Note, however, that this cost  function is not well defined if either $X(i, j)$ or $WH(i, j)$ are zero.

Once thhe problem has been formulated, the major issue rests on the solution of the **optimization task**.

## **IMPLEMENTATION**

The *scikit-learn** library offers the method

> sklearn.decomposition.NMF()

It use the following objective function

$$L(W,H) = \frac{1}{2}||X-WH||_{loss}^2 + \alpha_W \beta  n ||v(W)||_1 +\frac{1}{2}\alpha_W (1-\beta)n||W||_F^2 + \alpha_H \beta  l ||v(H)||_1  +\frac{1}{2}\alpha_H (1-\beta)l||H||_F^2$$

where $||A||_F^2=\sum_{i,j} A(i,j)^2$ (**Frobenius norm**) and $||v(A)||_1= \sum_{i,j} |A(i,j)|$ (**elementwise $L_1$ norm**)


#### **Parameters**

> beta_loss

It control the generic norm $||X-WH|||_{loss}$. The options are:
* ‘frobenius’ (default)
* ‘kullback-leibler’
* itakura-saito’


> solver

It decides the numerical solver to optimization task.

> alpha_W

> alpha_H

They are the constants that multiplies the regularization terms. Set it to zero (default) to have no regularization on $W$ or $W$, respectively.

> l1_ratio

In the function refered as $\beta$
* For $\text{l1_ratio}=0$ the penalty is an elementwise $L_2$ penalty (**Frobenius Norm**).
* For $\text{l1_ratio} = 1$ it is an elementwise $L_1$ penalty.
* For $0 < \text{l1_ratio} < 1$, the penalty is a combination of $L_1$ and $L_2$.

## **APPENDICES**

----

### **Frobenius norm**



The **Frobenius norm** is a special case of the $L_{p,q}$ norm of matrices. This norm can be defined in various ways:

$$||A||_F = \sqrt{\sum_{i=1}^m\sum_{j=1}^n |a_{ij}|^2} = \sqrt{\text{Tr}(A^TA)}$$

where the **trace ($Tr$)** is the sum of diagonal entries of the matrix $A$.
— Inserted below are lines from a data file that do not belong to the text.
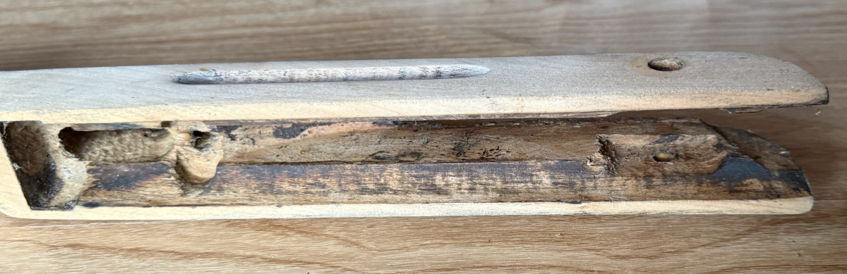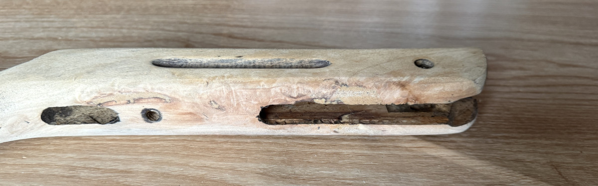 Der Schaft hat, an einem Bild zu sehen am linken Schaftende einen kleinen Riss.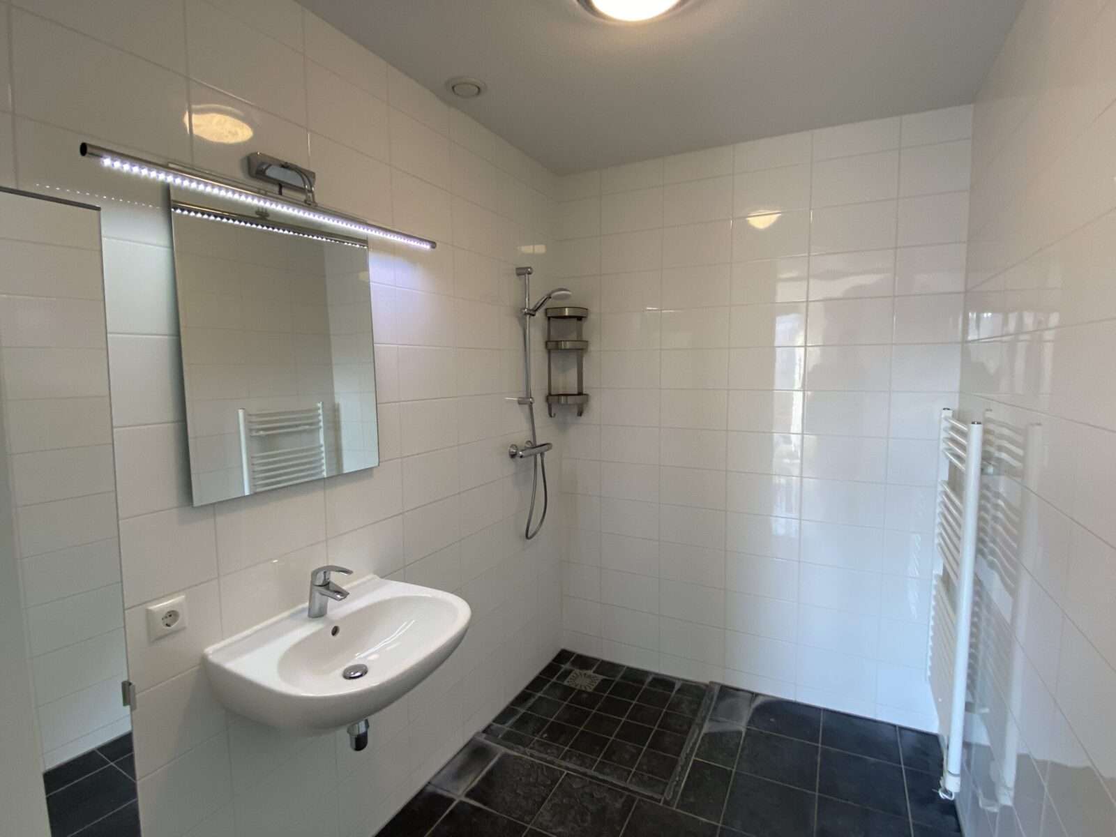 De slaapkamer met luxe boxspring geeft direct toegang tot de badkamer. Deze is uitgerust met een open douche, wastafel en designradiator.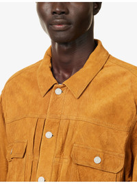 PRODUCT DETAILS - visvim suede jacket - 100% leather; lining 100% rayon - Button fastening - Regular fit, classic collar, long sleeves, buttoned cuffs, two flap pockets at front, two zipped pockets at sides, pleated placket, dyed leather patch at back, unlined - Specialist leather clean - Made in Japan - True to size - Size small: chest 44in / 111.6cm, length 30in / 62.2cm - Model is 6ft 2in/1.88m and wears a size small - Midweight, non-stretch Ref: R04444011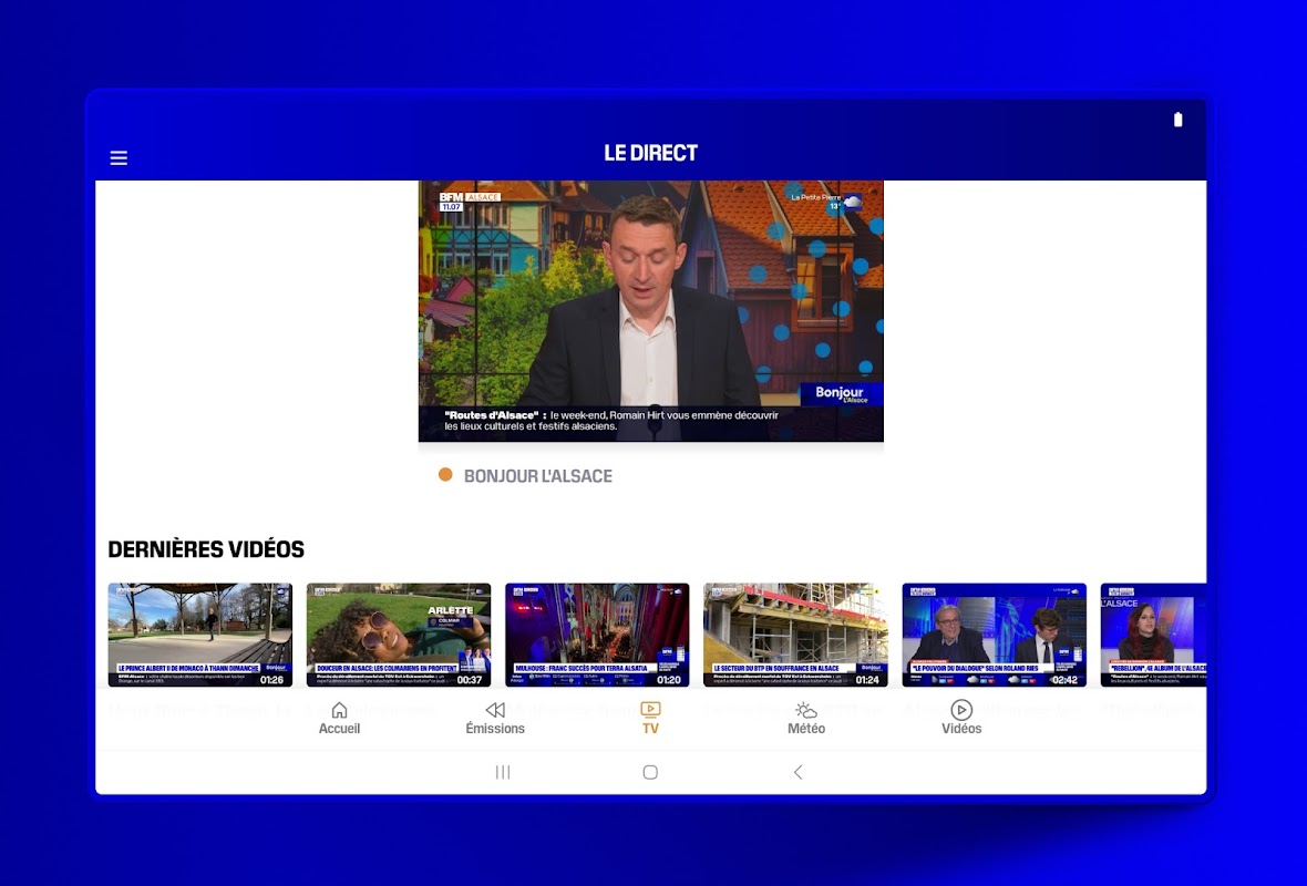 • “TV” 섹션에서 BFM 알자스의 생방송에 접속하여 해당 지역의 뉴스를 놓치지 마세요.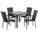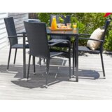 Stolice Fenost: Veličina nakon montaže Širina: 55 cm, Visina: 94 cm, Dubina: 63 cm Visina sedišta 45 Visina naslona za ruke 65 cm Težina 5 kg Materijal Konstrukcija: čelik, Naslon:petan , Sedalo:petan , Naslon za ruke:petan , Noge: petan , čelik Čep za noge polipropilen Tip složiva stolica (jedna na drugu) Funkcija složivo jedno na drugo Obrada Boja crna Informacije o montaži Montiran naknadno održavanje Čistite vodom i blagim sapunom. Odlaganje Odložiti u unutrašnjem prostoru tokom zime Upotreba Za spoljašnji prostor Monet sto : Veličina nakon montaže Širina: 90 cm, Dužina: 90 cm, Visina: 74 cm Visina stola od poda do donje ivice rama 70 cm Veličina pre montaže Širina: 99 cm, Dužina: 99 cm, Visina: 8 cm Težina 11,8 kg Materijal Ram:aluminijum, Površina stola:veštačko drvo , Noge:aluminijum Čep za noge polipropilen Oblik kvadratni Obrada Boja crna Nije potrebno održavati da Informacije o montaži potrebno montirati naknadno održavanje Nije potrebno održavati. Čistite vodom i blagom sapunicom. Odlaganje Odložiti u unutrašnjem prostoru tokom zime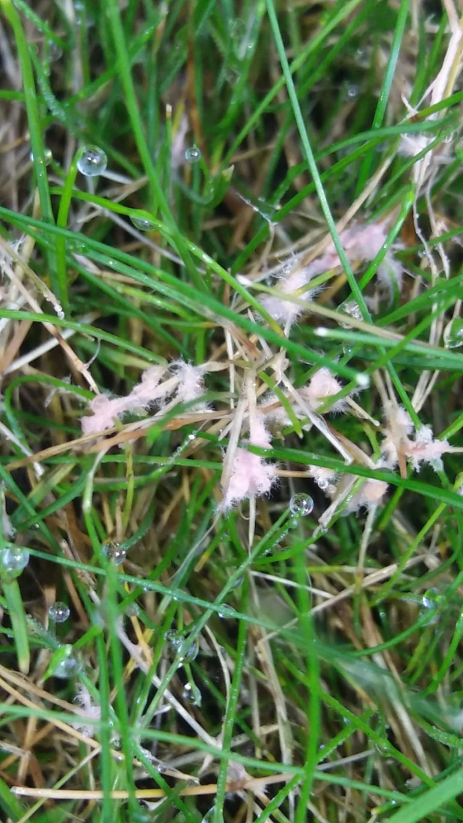Nun ist die Frage: ist das ein Pilz, der einfach die Gunst der Stunde nutzt, und sich das abgestorbene Gras einverleibt oder ist er die Ursache für das Absterben und die Gelbfärbung?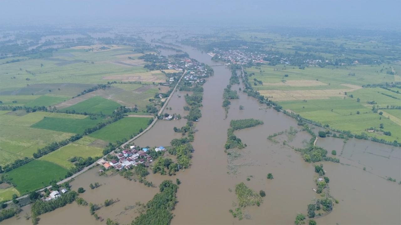 ขณะที่ ภาพจากอากาศยานไร้คนขับ ของทีมข่าวพีพีทีวี จะเห็นว่าหมู่บ้านดอนน้อย ตำบลโพนงาม อำเภอโกสุมพิสัย จังหวัดมหาสารคาม ถูกล้อมรอบด้วยปริมาณน้ำ ที่เอ่อล้นตลิ่งจากแม่น้ำชี หมู่บ้านแห่งนี้กำลังจะถูกตัดขาดจากโลกภายนอก ซึ่งตอนนี้ หากชาวบ้านต้องการเดินทางออกจากหมู่บ้าน จะต้องใช้เรือหรือรถขึ้นสูงเพียงอย่างเดียว สำหรับจุดนี้ ทีมข่าวของเราได้เข้ามารายงานสถานการณ์ไปแล้วเมื่อวาน พบว่าระดับขึ้นสูงจากเมื่อวานนี้ และมีทีท่าว่าจะสูงขึ้นอีกกว่านี้ และใกล้กับเมื่อปี2554 แล้ว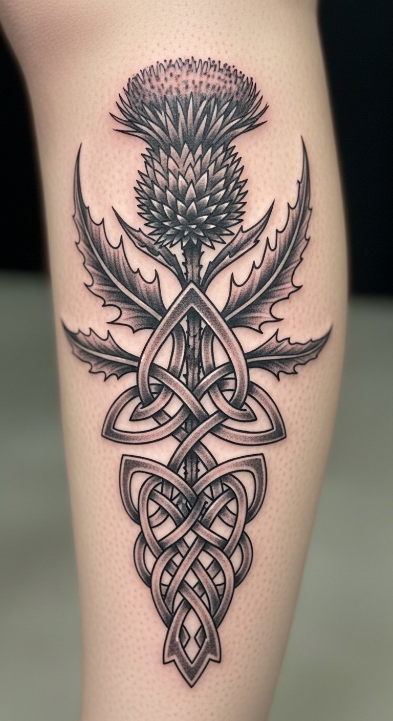 Incorporate Celtic knots with a thistle on your leg for cultural ties. Weave them around the design. Seek local experts. Sketch knots at home. Personalize it. Use basic aftercare. Bold the tip: seek local experts. It’s a nod to history.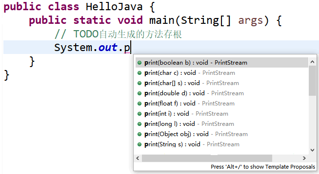 }读者输入上面代码的时候,会充分体会到 Eclipse 强大的代码辅助功能。图 8 所示为代码的自动提示补全功能。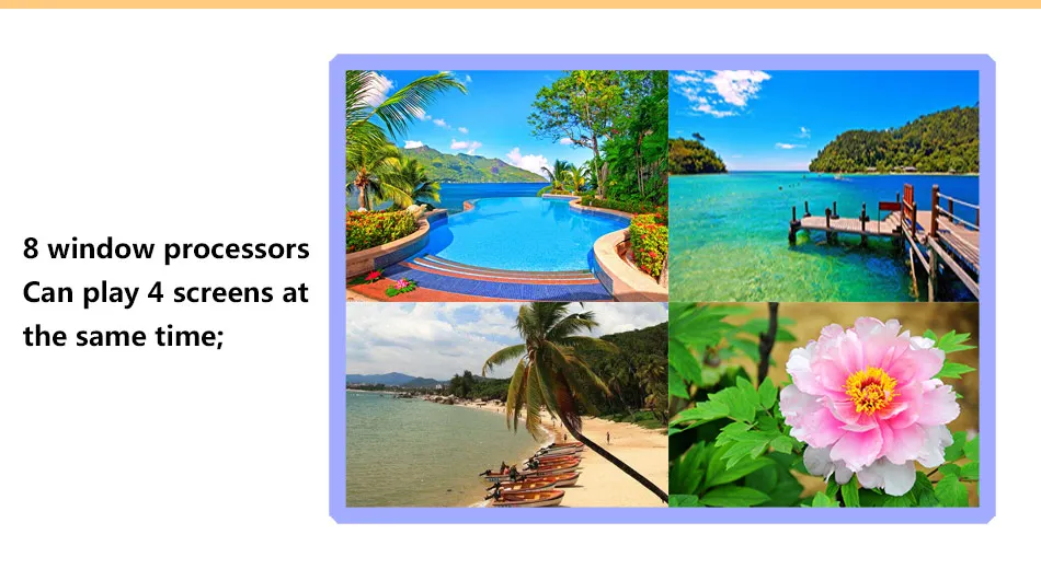 Это высококачественный 4-канальный мультиграфический комбинированный видеопроцессор 4K x 2K @ 60Hz, он может одновременно вводить 4K x 2K видео, и любое 4K x 2K видео может быть произвольно масштабировано и роуминг. Он может отвечать ультра-высоким требованиям к дисплею. Выход поддерживает индивидуальное решение, с переключением между дальним и канальный выход Поддержка 2,65 мегапикселя и четыре канала вывода до 10,6 Мпикс. Максимальное Сращивание составляет 4608 × 2304 или 9216 × 1152 или 4096 × 2304 или 1920 × 4800.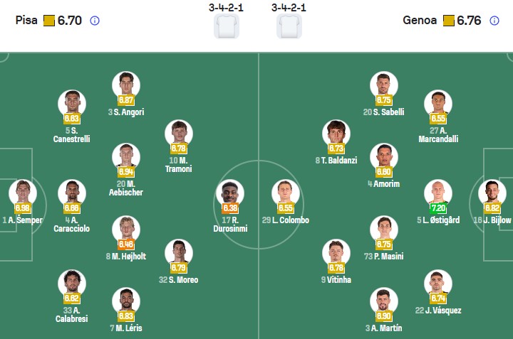 Vòng tới, Pisa được thi đấu dưới mái vòm Cetilar® Arena và sân nhà là cứu cánh duy nhất cho họ vào lúc này bởi ít ra cả 2 thắng lợi ít ỏi có được từ đầu Serie A 2025/26 đều xuất hiện tại đây. Bên kia chiến tuyến, Genoa có lúc cũng lo sốt vó về nguy cơ rớt hạng như Pisa nhưng họ đã có sự cải thiện quãng thời gian gần đây với 4 chiến thắng sau 8 vòng, tức gần tương đương với thành tích của 24 vòng trước đó (5 thắng lợi).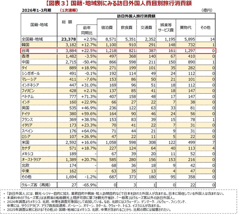 日本觀光廳報告指出,2026 年第一季外國遊客在日本的總消費金額達到 2 兆 3,378 億日圓,展現出後疫情時代觀光復甦的強勁動能。其中,台灣以 3,884 億日圓(約新台幣 815 億元)的總消費額位居各國之首,較去年同期顯著成長 22.5%。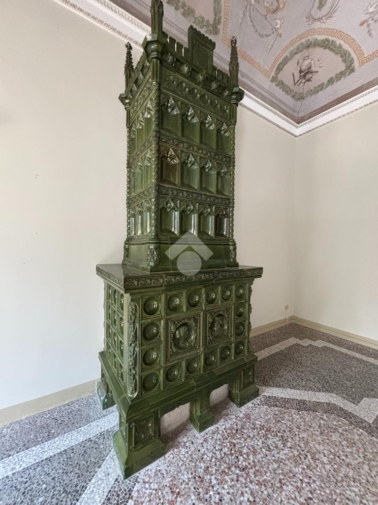 Nel salone a fianco cattura l'attenzione una imponente stufa in maiolica d'epoca settecentesca con elaborate decorazioni, proveniente pare dall'Alto Adige.
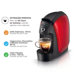 Cafeteira espresso automática TRES 3 Corações Luna, design moderno e compacto, sistema multipressão (2 e 15 bar), reservatório de 600ml, prepara espressos, bebidas cremosas, cafés filtrados e chás. Compatível com cápsulas TRES.Pressão
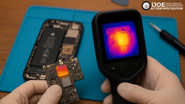 Overheat pada iPhone 11 sudah menjadi salah satu masalah yang paling sering kami temui di ruang operasi teknis IJOE Apple Service. Meski terlihat sederhana dari sisi pengguna “kenapa HP-ku panas terus ya?” namun dari sisi teknisi kerusakan ini jauh lebih kompleks dan sering melibatkan rangkaian pada level board, bukan sekadar baterai atau software.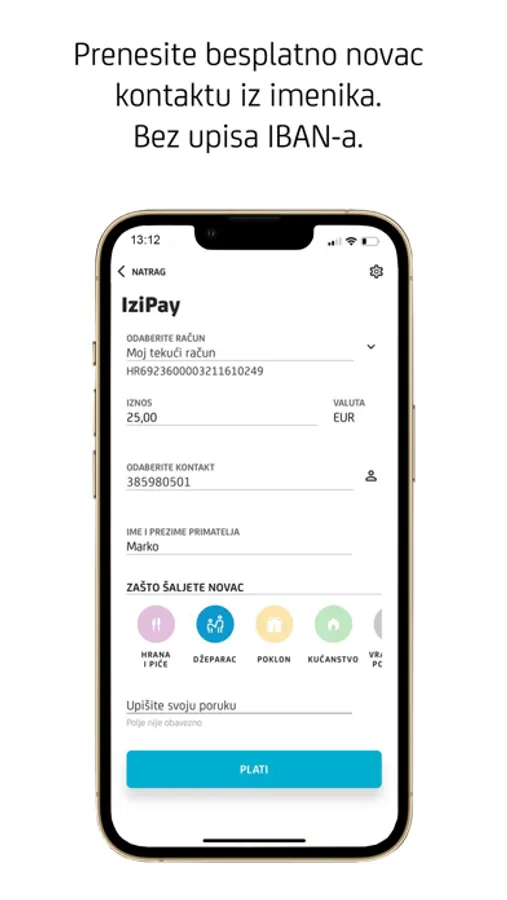 • na najjednostavniji način prenositi novac uslugom IziPay; dovoljno je znati broj telefona primatelja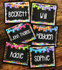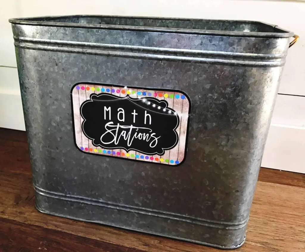I keep my station tubs in the front of the room… I found the lap desks at Michaels for only $5.

The **Frobenius norm** is an extension of the **Euclidean norm** to $K^{n\times n}$ and comes from the **Frobenius inner product** on the space of all matrices, defined as
$$<A,B>_F = \text{Tr}(A^T B)$$

----

----

### **Kullback-Leibler distance**

The **Kullback–Leibler (KL)** distance is a measure of the distance between two **probability density functions** $p(x)$ and $q(x)$ and is defined as
$$L = -\int p(x) \ln{\frac{q(x)}{p(x)}}dx$$

Sometimes it is referred to as **cross** or **relative entropy** or **KL divergence**.

The KL distance can be shown to be always **nonnegative** but it **is not a true distance measure**, from a mathematical point of view, since it **is not symmetric**.

The **KL distance** is closely related to the **mutual information measure**, $I$ , between $l$ scalar random variables, $x_i$, $i=1, 2, \ldots, l$.

Indeed, let us compute the **KL distance** between the joint pdf $p(x)$ and the pdf resulting from the product of the corresponding marginal probability densities, that is,

\begin{eqnarray}
L &=& -\int p(x) \ln{\frac{\Pi_{i=1}^l p_i(x_i)}{p(x)}}dx\\
&=& -\int p(x) \left( \sum_{i=1}^l \ln{p_i}(x_i) - \ln{p(x)}\right)dx\\
&=& \int p(x) \ln{p(x)}dx- \sum_{i=1}^l \int p(x) \ln{p_i}(x_i) dx\\
&=& -H(x) - \sum_{i=1}^l \int p(x) \ln{p_i}(x_i) dx
\end{eqnarray}


Carrying out the integrations on the right-hand side it is straightforward to see the **KL distance** is equal to the **mutual information**, $I$ , defined as

$$I(x_1,x_2,\ldots,x_l)= -H(x) + \sum_{i=1}^l H(x_i)$$

where H(xi) is the **associated entropy** of $x_i$ , defined as

$$H(x_i) = - \int p_i(x_i) \ln{p_i}(x_i) dx$$


----------

## **REFERENCES**

*  Theodoridis, S. \& Koutroumbas, K. *Pattern Recognition*, 4th ed., Academic Press, 2009

* Sra, \& Dhillon (2006) *Nonnegative matrix approximation: Algorithms and applications.* Technical Report TR-06-27, University of Texas at Austin.